También debemos considerar lo siguiente: si Dios conoce por su nombre a cada una de las innumerables estrellas que existen en el universo, cuanto más conocerá a cada uno de sus hijos que han confiado en él. Si estamos preparados para recibirle, en el lugar en que nos encontremos, haciendo la tarea que el Señor nos encomendara, no debemos temer por nuestro futuro. Nuestra parte será la que tuvieron las vírgenes prudentes, junto a nuestro Rey y Señor de nuestras vidas.

“Velad, pues, porque no sabéis el día ni la hora en que el Hijo del Hombre ha de venir” (Mateo 25: 13).

Aquí el Señor Jesús nos hace una última advertencia: recomienda estar apercibidos y preparados en todo momento. No sabemos el momento que regresará. Será en un momento determinado, que solo el Padre Eterno sabe y conoce. Es por eso que seguir ese consejo es lo más importante para poder estar eternamente con Jesús. Es la reiteración de lo que dijera el Señor en Mateo 24: 36. “Pero del día y la hora nadie sabe, ni aun los ángeles de los cielos, sino sólo el Padre”.
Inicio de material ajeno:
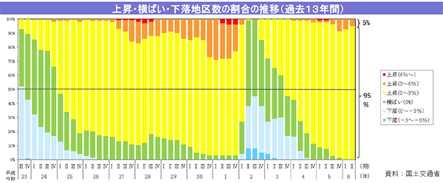 主な要因として、住宅地では利便性や住環境の優れた地区でマンション需要が堅調に推移したこと、商業地では再開発事業の進展や国内外からの観光客の増加により、店舗需要の回復傾向が続いたこと、オフィス需要が底堅く推移したことを挙げた。
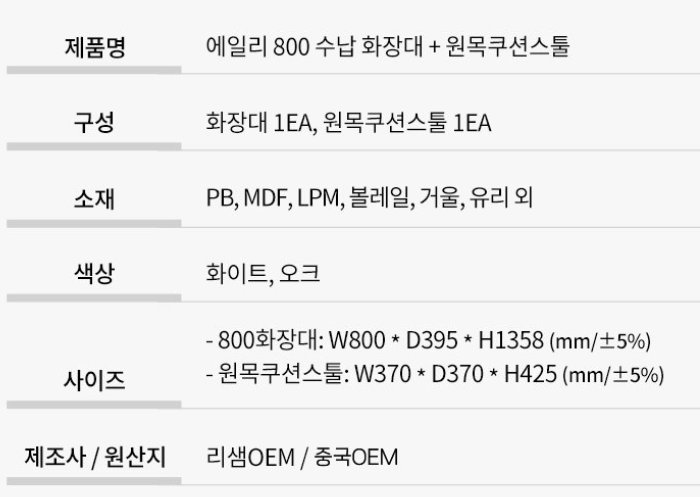 파로마 에일리 수납 화장대 800 + 원목쿠션스툴 - 일반화장대 | 쿠팡
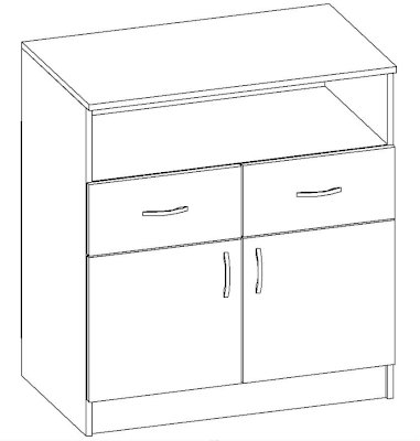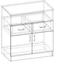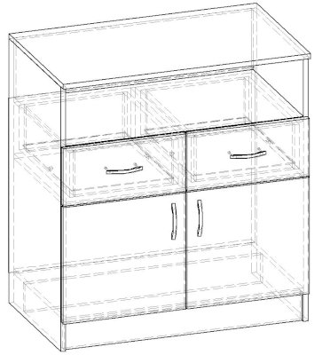 • Корпус, полки и фасады изготовлены из ЛДСП 16 мм с кромкой ПВХ 0,4 мм.
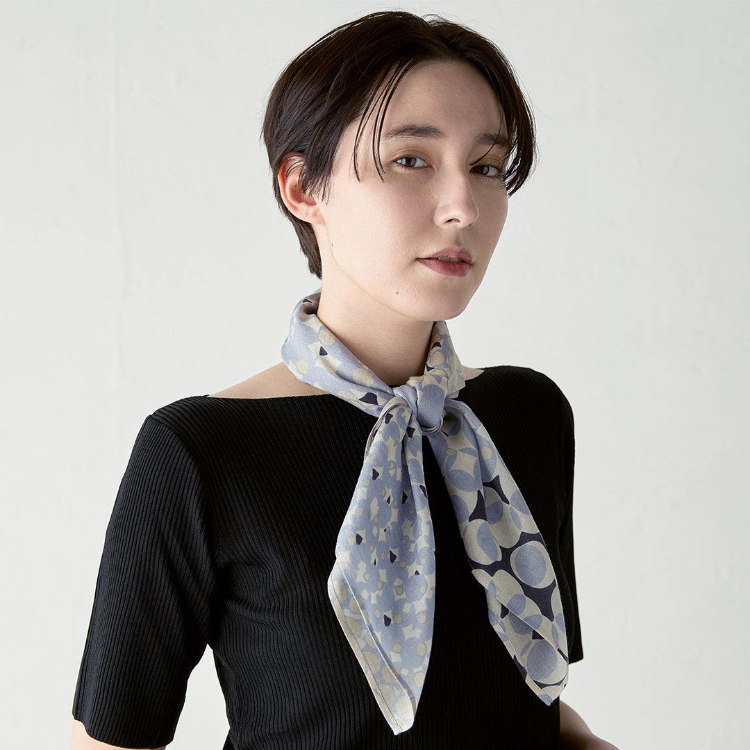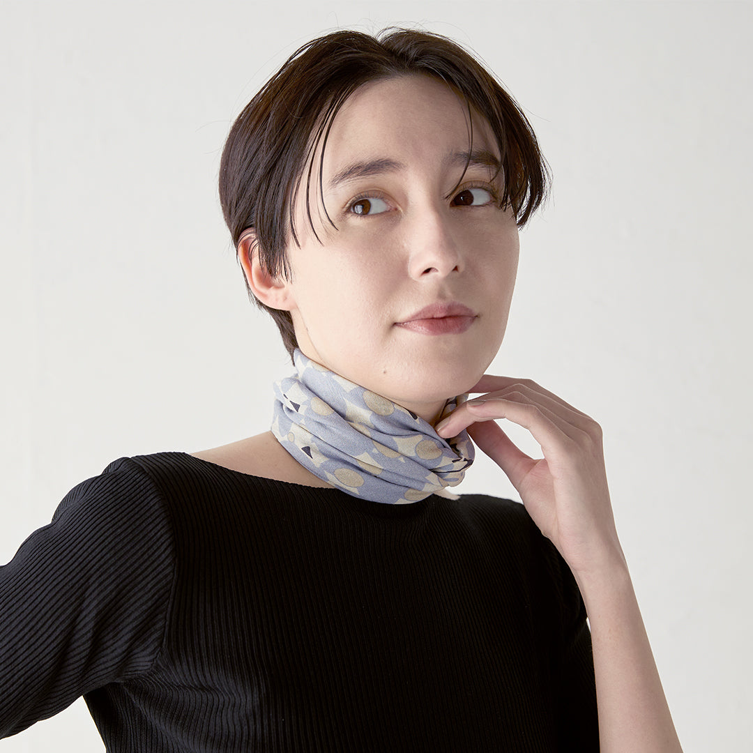 ふわふわ空から舞い降りる白い雪。 梢にそっと降り積もり、春の陽の光をうけて輝く美しい冬の情景をスカーフにしました。 「手捺染」というスクリーンプリントで淡い色を丁寧に重ね、降りゆくやわらかな雪を表現しています。
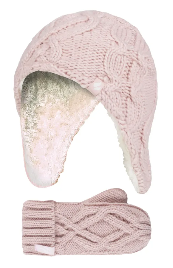 Heat Holders Meisjes Majestueuze Trapper Hat Mitts Set – Schemerig Roze
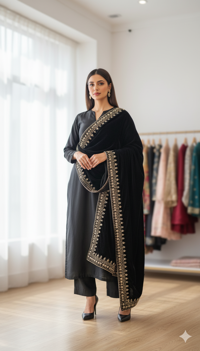 Wrap yourself in timeless elegance with our Hand-Embroidered Velvet Shawl, a masterpiece of craftsmanship and luxury. Crafted from the finest black velvet, this shawl is adorned with intricate hand embroidery in regal gold thread, creating a border that exudes sophistication and grandeur.
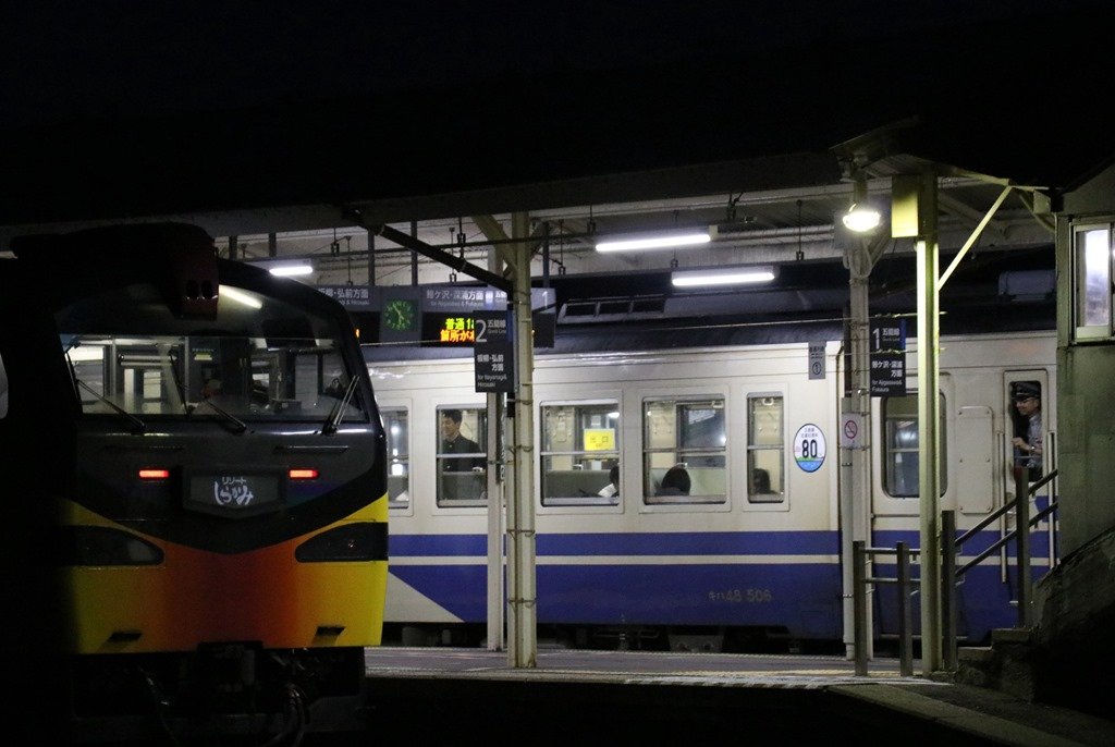 五所川原駅に到着 17:49で真っ暗になっていました。
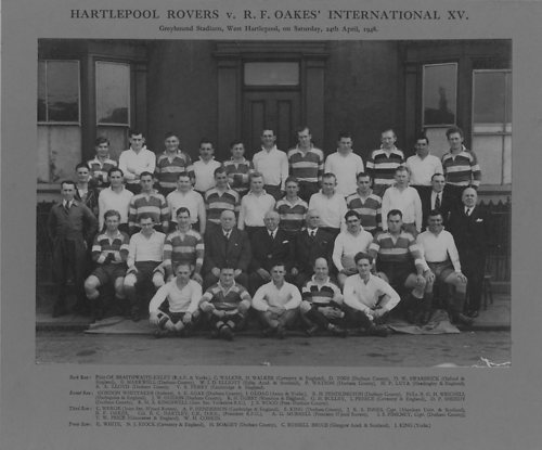 Hartlepool Rovers for a match Annual match against an R.F. Oakes Intenational XV, played at the Greyhound Stadium, West Hartlepool, on April 24th, 1948. At 4.00 p.m. Ivor Preece the Coventry and England fly half dropped a goal for 4pts to the Oakes score, this is beleived to be the last 4 pt drop goal, since that time the drop goal has been rewarded by 3pts only.
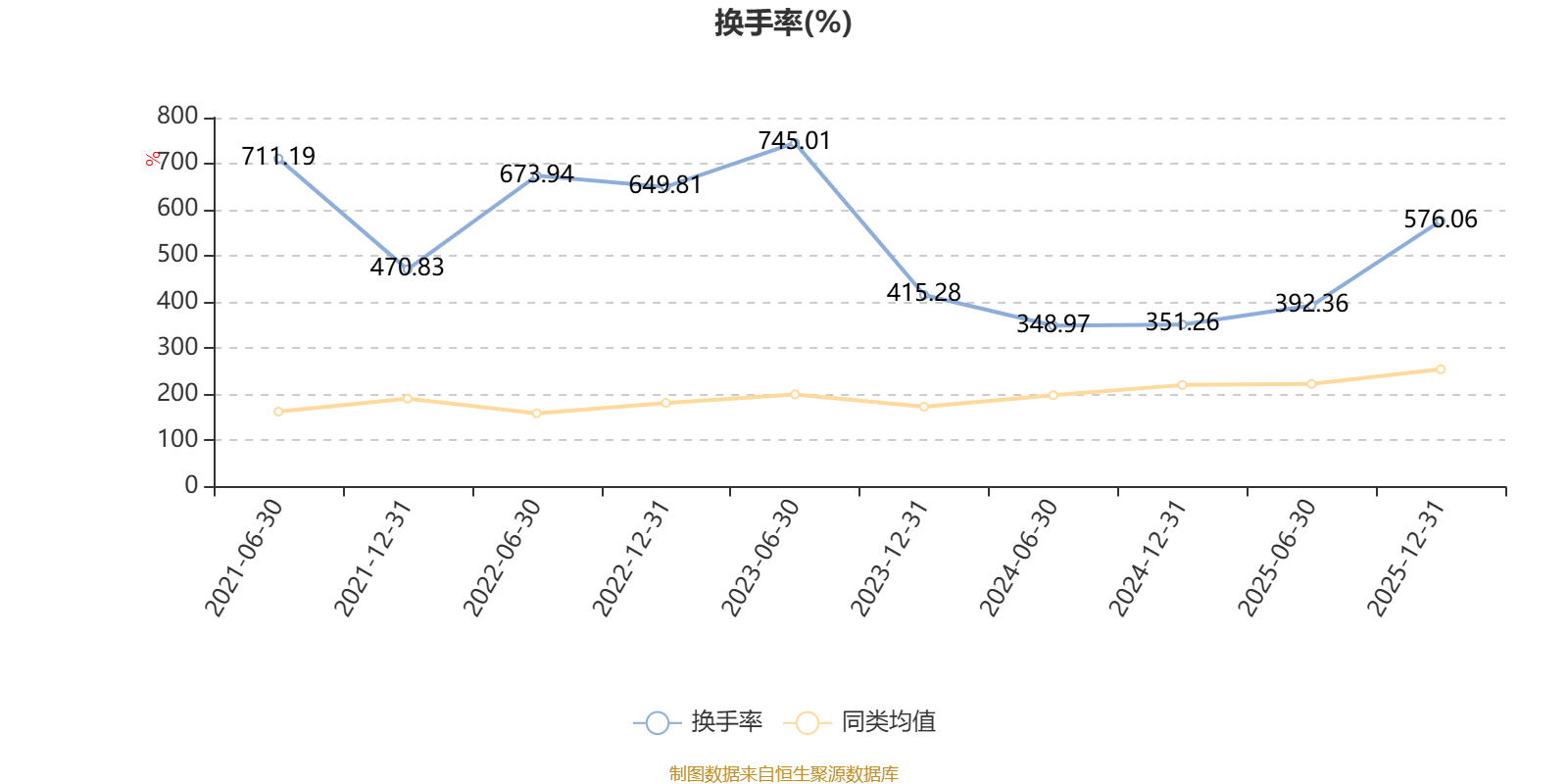 截至2025年12月31日,基金最近一年换手率约959.75%,持续高于同类均值。
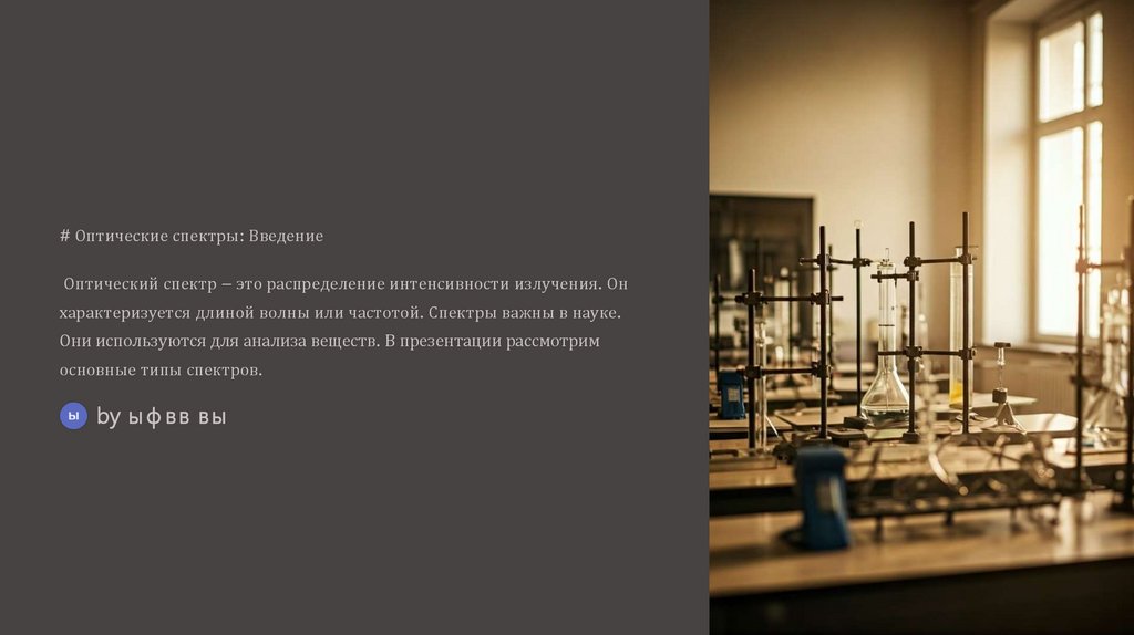 # Оптические спектры: ВведениеОптический спектр – это распределение интенсивности излучения. Он

                   He aquí yo vengo pronto y mi galardón conmigo, para recompensar a cada uno según sea su obra. Yo soy el Alfa y la Omega, el principio y el fin, el primero y el último. Bienaventurados los que lavan sus ropas para tener derecho al árbol de la vida, y para entrar por las puertas de la ciudad. Mas los perros estarán fuera, y los hechiceros, los fornicarios, los homicidas, los idólatras, y todo aquel que ama y hace mentira. Yo Jesús he enviado mi ángel para daros testimonio de estas cosas en las iglesias. Yo soy la raíz y el linaje de David, la estrella resplandeciente de la mañana. Y el Espíritu y la Esposa dicen: Ven. Y el que oye diga: Ven. Y el que tiene sed, venga, y el que quiera tome del agua de la vida gratuitamente”. (Apocalipsis 22: 12-17)

En este último pasaje, que se encuentra al final del libro de Apocalipsis, al final de la biblia, podemos leer la última invitación hecha por el Señor Jesucristo, para que nos decidamos a aceptarle como nuestro salvador y Señor de nuestras vidas. Vuelve a prometer que un día vendrá, a buscar a los suyos. En este pasaje lavar sus ropas, significa estar preparados para su venida. Si esta es nuestra situación, podremos entrar sin problemas a la nueva ciudad de Jerusalén que descenderá del cielo y tendremos derecho al árbol de la vida. Aquellos que no pidieron perdón por los pecados cometidos, quedarán afuera.

El hecho de que nuestro Señor Jesucristo insistiera con tanta vehemencia que todos estén preparados, significa que Él quiere que toda la humanidad sea salva de las garras de Satanás. Él extiende su invitación a todos los habitantes de este mundo para que tengan la oportunidad de estar por la eternidad en su nuevo reino que está preparando. Pero no obliga a nadie a tomar esa determinación. La aceptación del sacrificio expiatorio en la cruz realizado por nuestro Señor, debe ser personal. El Señor quiere que todos sean salvos, que nadie se pierda. Solo hace falta que se predique el mensaje por todo el mundo, y que todos los que escuchen ese mensaje lo reciban de todo corazón. Que así sea.